# Happy Halloween



## fuzziebutt (Aug 7, 2012)

For all of you from me on Halloween!


----------



## ChickenAdmin (Jun 4, 2012)

Right back atcha!

Got plans? 

I'm taking my daughter trick or treating. Should be fun.


----------



## kiwicsi (Sep 24, 2012)

Lol!!!!!!!!!!!


----------



## fuzziebutt (Aug 7, 2012)

Austin said:


> Right back atcha!
> 
> Got plans?
> 
> I'm taking my daughter trick or treating. Should be fun.

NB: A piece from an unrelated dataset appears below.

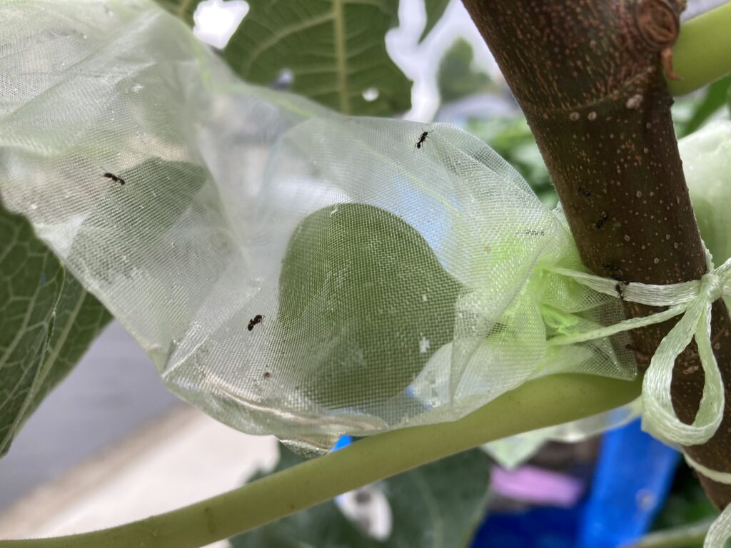 肝心の果実の方は小蟻が集っていますがネットのおかげでしっかり守られています。

My kids are grown ( O THANK GOD), so probably hanging out on the couch watching tv. I paid my trick or treat dues!!


----------



## ChickenAdmin (Jun 4, 2012)

Well I'm still having to pay mine!

I'm hitting up down town this year. I moved to a neighborhood that does nothing on Halloween. People keep their lights off and the houses are so spread out you are lucky to get three houses in a block.


----------



## fuzziebutt (Aug 7, 2012)

Austin, the best advice I can give you is to find an upscale apartment complex. If yours is big enough, you can sit in the car, listen to the radio, be warm, and watch her all at the same time!


----------



## robopetz (Oct 16, 2012)

Happy Halloween y'all. Have fun and be safe! All the crazies do come out as well.


----------



## ChickenAdmin (Jun 4, 2012)

fuzziebutt said:


> Austin, the best advice I can give you is to find an upscale apartment complex. If yours is big enough, you can sit in the car, listen to the radio, be warm, and watch her all at the same time!


Don't have to many of those in my area.

We did hit up the main street and did alright for ourselves.


----------